Below you can see the loss curves comparing bfloat16, float8 tensorwise, and float8 rowwise training for training Llama3 8b on 8xH100 GPUs:

Important notes

• float8 training is currently only supported on 2+ GPUs in torchtitan, not single GPU training.

• You must use --training.compile to achieve high performance. torchao float8 training recipes are built natively on top of torch.compile, so it will work out of the box!

Pretraining with torchao directly

In this tutorial we’ll pretrain a toy model using torchao APIs directly.

You can use this workflow to integrate torchao into your own custom pretraining code directly.

Prerequisites

1. (Recommended) Create a new virtual environment with conda or venv.

2. Install torchao.

You’re now ready to integrate torchao into your training code directly!

Model conversion API

The torchao API for converting your model to use float8 training is: convert_to_float8_training. This API will recursively convert nn.Linear modules in your model to use Float8Linear.

You can use the module_filter_fn argument to determine which nn.Linear layers should be swapped to use Float8Linear.

You should refer to this performance benchmark table to understand what kind of performance improvement over bfloat16 you can expect for a given GEMM size.

Below is a code snippet showing how to use it:

import torch
from torch import nn
import torch.nn.functional as F

from torchao.float8.float8_linear_utils import convert_to_float8_training
from torchao.float8.float8_linear import Float8Linear
from torchao.float8 import convert_to_float8_training
from torchao.utils import TORCH_VERSION_AT_LEAST_2_5

if not TORCH_VERSION_AT_LEAST_2_5:
    raise AssertionError("torchao.float8 requires PyTorch version 2.5 or greater")

# create model and sample input
m = nn.Sequential(
    nn.Linear(2048, 4096),
    nn.Linear(4096, 128),
    nn.Linear(128, 1),
).bfloat16().cuda()
x = torch.randn(4096, 2048, device="cuda", dtype=torch.bfloat16)
optimizer = torch.optim.AdamW(m.parameters(), lr=1e-3)

# optional: filter modules from being eligible for float8 conversion
def module_filter_fn(mod: torch.nn.Module, fqn: str):
    # don't convert the last module
    if fqn == "1":
        return False
    # don't convert linear modules with weight dimensions not divisible by 16
    if isinstance(mod, torch.nn.Linear):
        if mod.in_features % 16 != 0 or mod.out_features % 16 != 0:
            return False
    return True

# convert specified `torch.nn.Linear` modules to `Float8Linear`
convert_to_float8_training(m, module_filter_fn=module_filter_fn)
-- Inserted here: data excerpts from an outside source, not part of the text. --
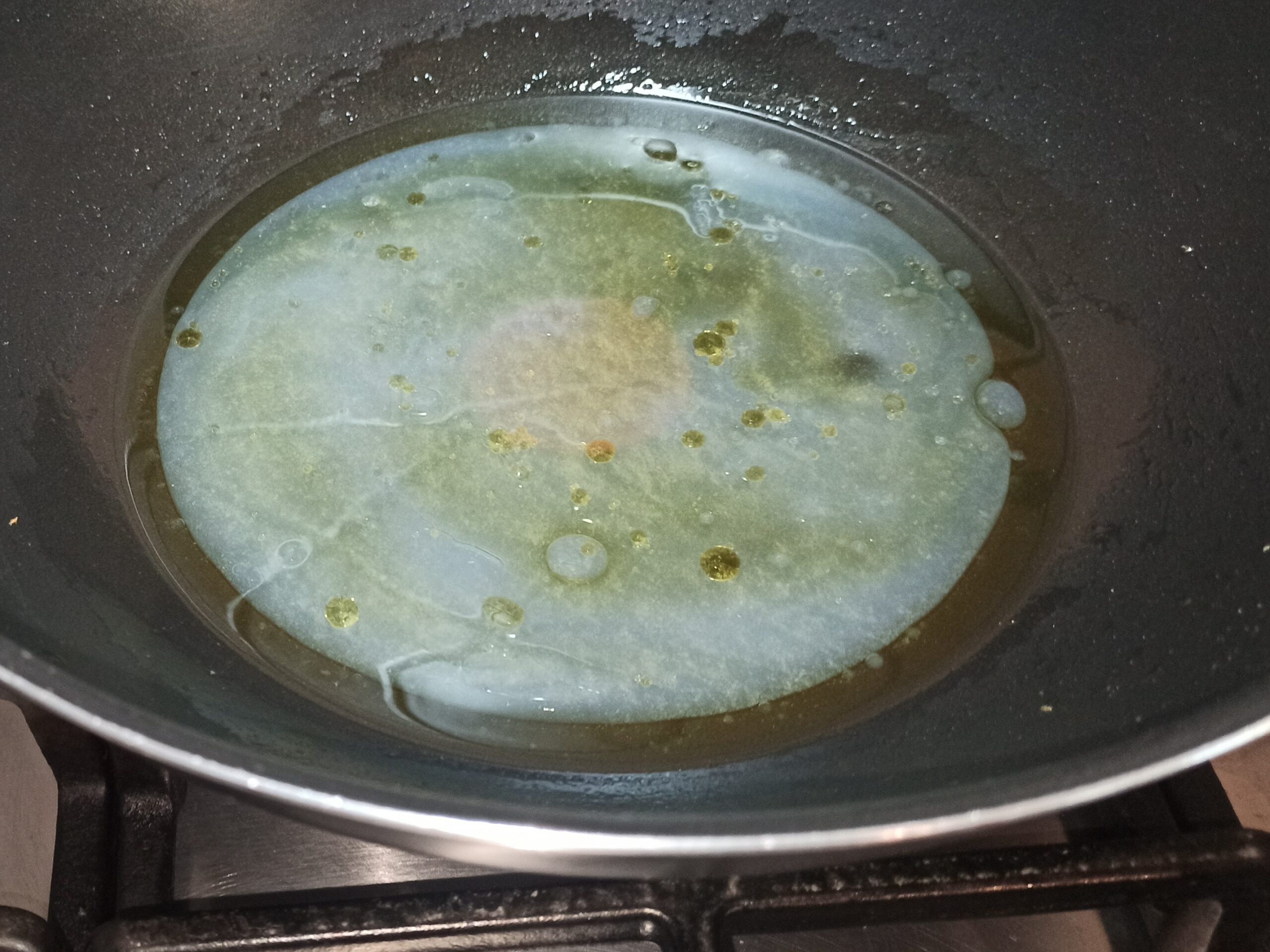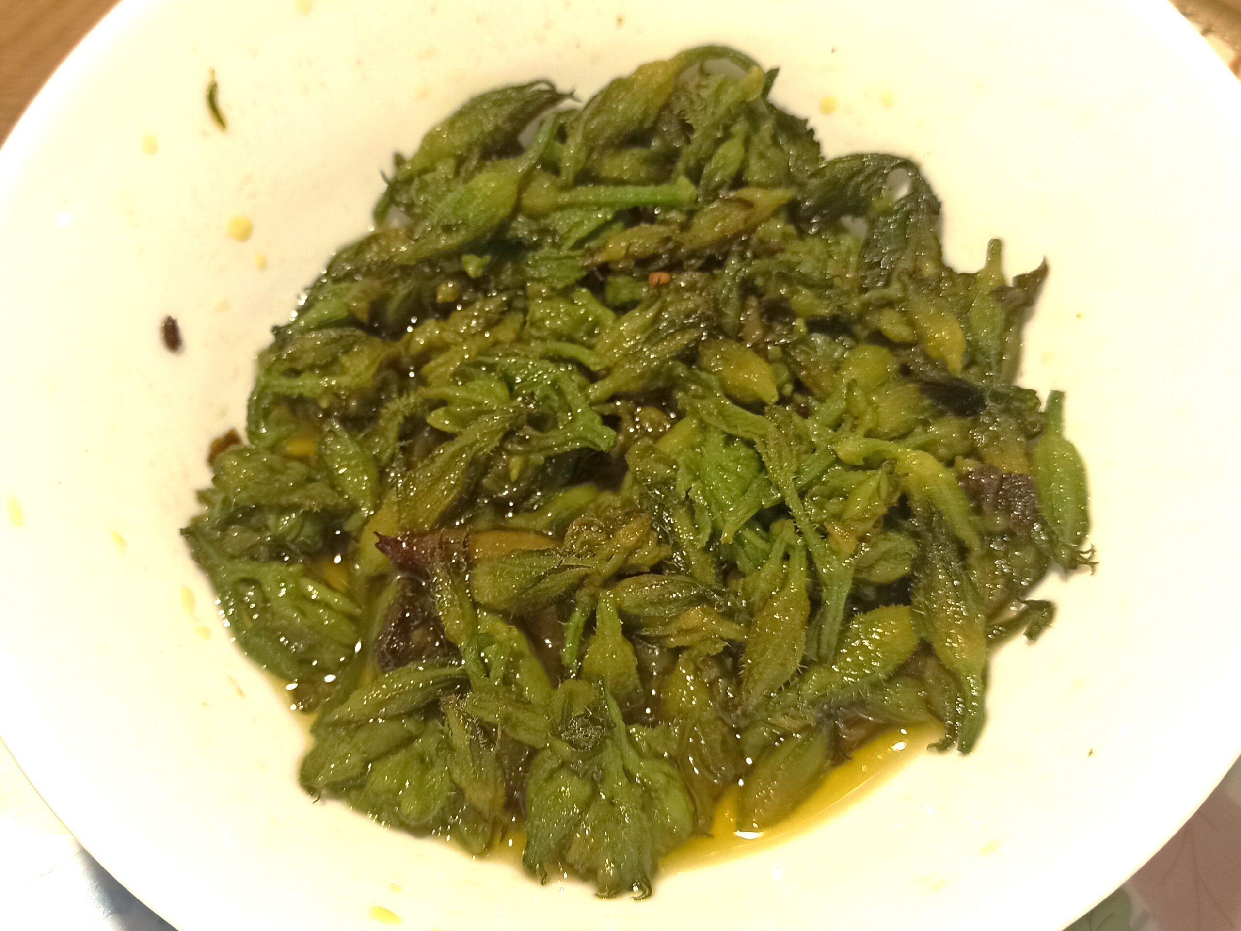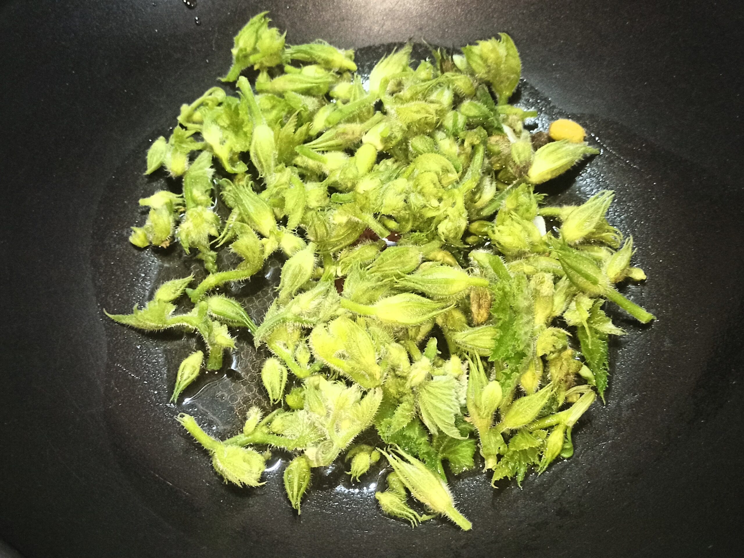 Fate sfrigolare a fiamma media, poi eliminate sia lo spicchio d’aglio che il peperoncino. Aggiungete i fiorellini di zucchine, e fateli cuocere a fiamma vivace.
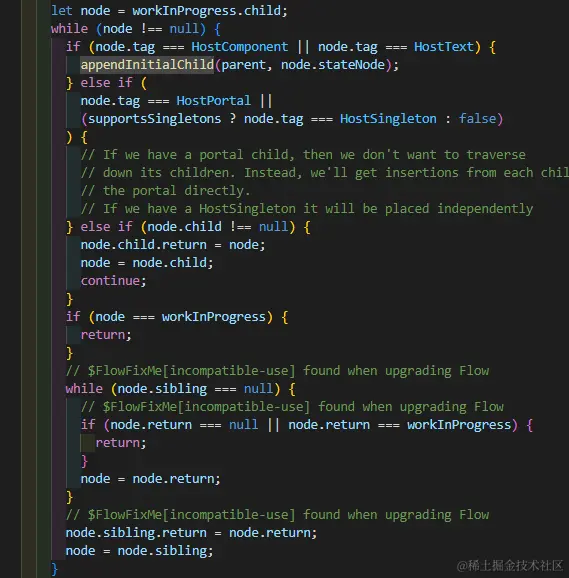 由代码看到 如果currentFirstChild不为null,意思就是说currentFiber下面还有,则进入while循环,
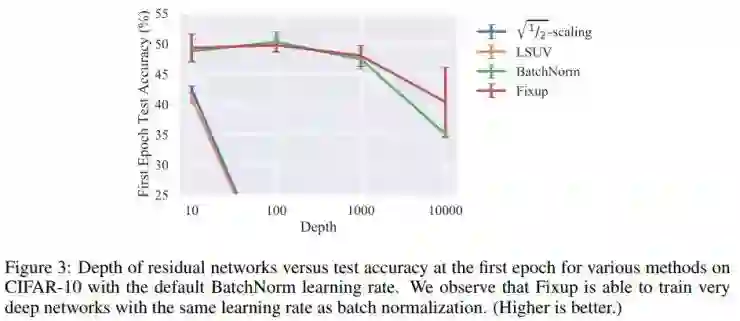 Fixup 使得能够在 CIFAR-10 上以高学习速率训练一个 110 层的深度残差网络,得到的测试集表现和利用批标准化训练的同结构网络效果相当。
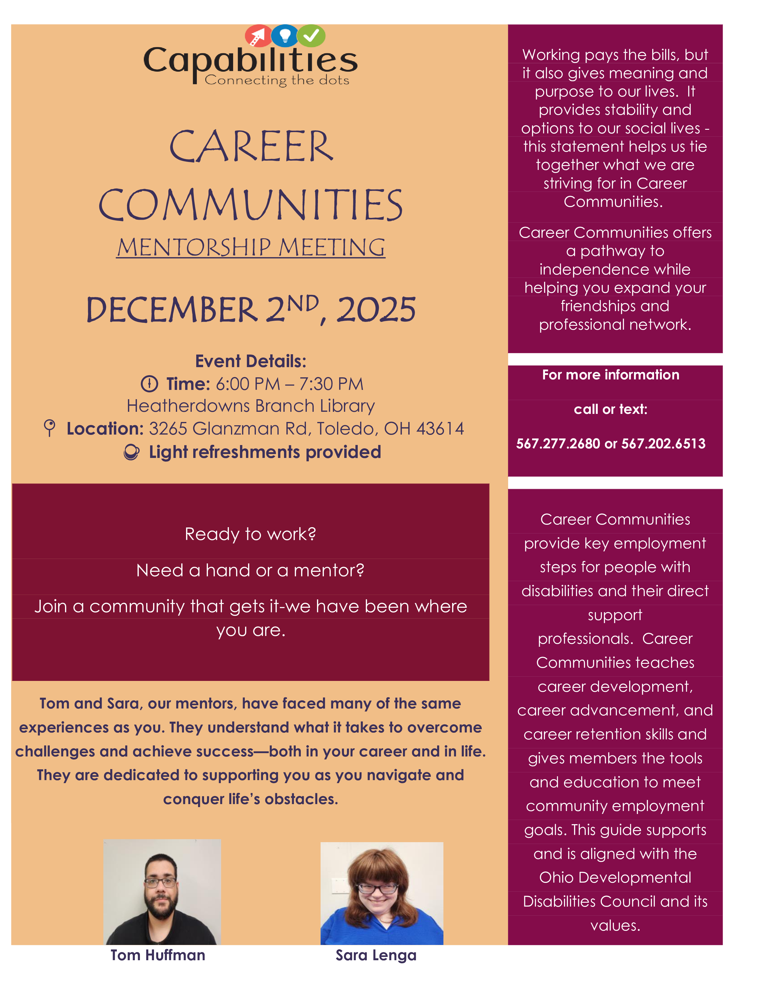 Career Communities is a locally focused, advocate-driven program that uses peer support and motivation to help people reach their employment goals. Attend a mentorship meeting and meet Sara and Tom, who developed a curriculum to share with those who are interested in growing their skills and confidence. Light refreshments will be served!
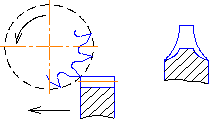 Основним профілем стандартних черв'ячних фрез є конволютний черв'як (в перерізі, перпендикулярному до напряму витка, має прямолінійний профіль). Нарізання конічних коліс Принцип нарізування конічних зубчатих коліс на зубофрезерних напівавтоматах дисковими фрезами по методу копіювання полягає в тому, що під час прорізання западини колесо знаходиться в нерухомому стані, а фреза здійснює обертання навколо своєї осі зі швидкістю різання vріз і рух повздовжньої подачі Sповз вздовж лінії дна западини. Після прорізання всієї ширини зубчатого вінця фреза повертається в початкове положення і здійснюється рух ділення – заготовка повертається на кут, рівний Але найбільше розповсюдження отримали методи обкату. Сучасні зубостругальні верстати для обробки конічних зубчатих коліс працюють двома різцями, що здійснюють зворотно-поступальні рухи. Різці закріплені на ковзанках, які встановлені на люльці. Нарізуване колесо встановлюється на оправці і закріплюється в шпинделі ділильної бабки, яку можна обернути відносно осі столу. При нарізанні зубів люльці з різцями і нарізуваному колесу передаються узгоджені рухи навколо їх осей, тобто неначе відбувається обкатка двох конічних коліс, що знаходяться в зачепленні. Стругальні різці, будучи встановленими на верстаті, своїми ріжучими кромками утворюють ніби сторони зуба колеса, що виготовляється. Конічні колеса з криволінійними зубами обробляють різцевими головками по методу обкату на спеціальних верстатах (та інші способи). Для усунення похибок, що виникають при зубонарізанні і подальшій термообробці, зубчаті колеса додатково обробляють облицювальними методами: шевінгуванням, обкаткою, притиранням і шліфуванням. Шевінгування є зрізанням тонкої стружки (завтовшки 5-15 мкм) спеціальним інструментом – шевером з бічних поверхонь зубів коліс невисокої твердості. Шевер – зубчате колесо (або черв'як) з поперечними канавками на зубах високої поверхневої твердості, твірними ріжучі кромки. В процесі шевінгування вісь шевера повернена щодо осі оброблюваного колеса (схрещування осей), що при спільному їх обертанні забезпечує ковзання профілів зубів в повздовжньому напрямі а отже, зняття стружки. Шевінгуванням можна досягти 6-7 ступеня точності і шорсткості поверхні Ra = 1, 0-2, 5мкм.
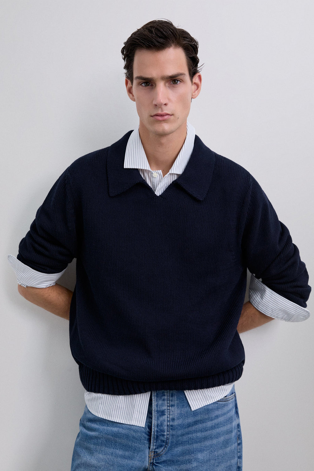 Knit sweater made of 100% BCI cotton. Polo shirt-style collar. Long sleeves. Ribbed trim.
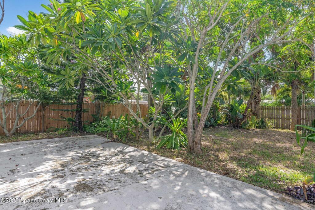 Welcome to your beachside family home! Step inside to an updated kitchen, perfect for family meals and entertaining. The home features a metal roof and hurricane-rated windows, providing peace of mind year-round. Enjoy Florida's sunshine from the screened-in back porch or host gatherings on the expansive additional patio. Outdoors, you'll find a spacious shed with electricity, ideal for hobbies or extra storage. The lush yard is shaded with mature trees, (See below) while the paver driveway and side parking pad offer room for even a small boat. In the back, a serene waterway invites you to paddle board, fish, or simply take in the natural beauty of your surroundings. Just minutes from the beach, this home has the laid-back charm of coastal living. Various trees include, a verity of palms, maringa, fig, birds of paradise, mulberry, banana, coconut, strawberry, spinach, gardenia, multiple colored plumeria's.
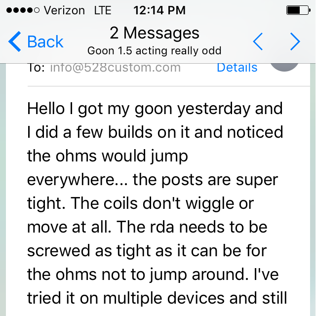 Покупатель Goon 1.5 рассказал о «скачущем» сопротивлении дрипки. Он предположил, что проблема кроется в стойках атомайзера и обратился в техподдержку. Там жена владельца компании-производителя Goon 1.5 посоветовала использовать проблемный девайс на мехмоде.
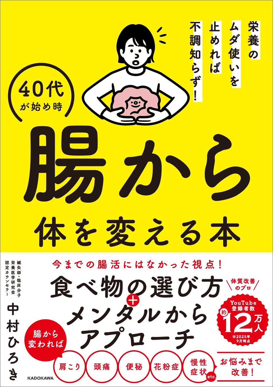 株式会社KADOKAWA(取締役 代表執行役社長 CEO:夏野剛、本社:東京都千代田区、以下KADOKAWA)は、鍼灸師であり、臨床分子栄養医学研究会認定カウンセラーの中村ひろき氏による『栄養のムダ使いを止めれば不調知らず! 40代が始め時 腸から体を変える本』を2025年10月17日(金)に発売いたします。
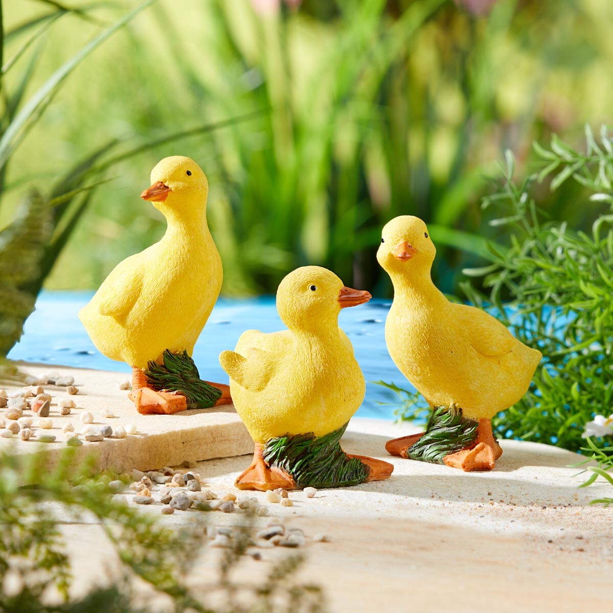 Skutečně roztomilá kachňátka budou ozdobou každé zahrady. Figurky jsou vyrobeny z umělého kamene, odolného vůči nepřízni počasí. Ozdobte si jimi zahradu, terasu nebo i interiér. Materiál: umělý kámen. Rozměry: 7 x 6 x 7 cm.
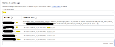 3. There will be 5 TNS(database service names) names available: high, low, medium, tp, and tpurgent. Click on the show, the TNS we may want to use, and copy the string. The string will contain all the details like host, port, service name, etc.
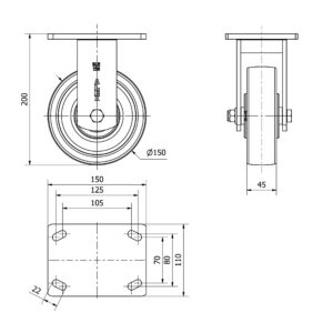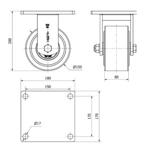 Rueda nylon-poliamida fija Alex diametro 150 mm. modelo 2-3674
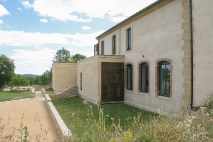 Le bâtiment a conservé ses marques d’origines et l’extension vient se greffer sur la partie latérale. Elle est construite en pierre de Vers en rappel des encadrements de l’existant mais dans une forme résolument contemporaine.

# enable torch.compile for competitive performance
m = torch.compile(m)

# toy training loop
for _ in range(10):
    optimizer.zero_grad()
    output = m(x)
    # use fake labels for demonstration purposes
    fake_labels = torch.ones_like(output)
    loss = F.mse_loss(output, fake_labels)
    loss.backward()
    optimizer.step()

# save the model
torch.save({
    'model': m,
    'model_state_dict': m.state_dict(),
    'optimizer_state_dict': optimizer.state_dict(),
}, 'checkpoint.pth')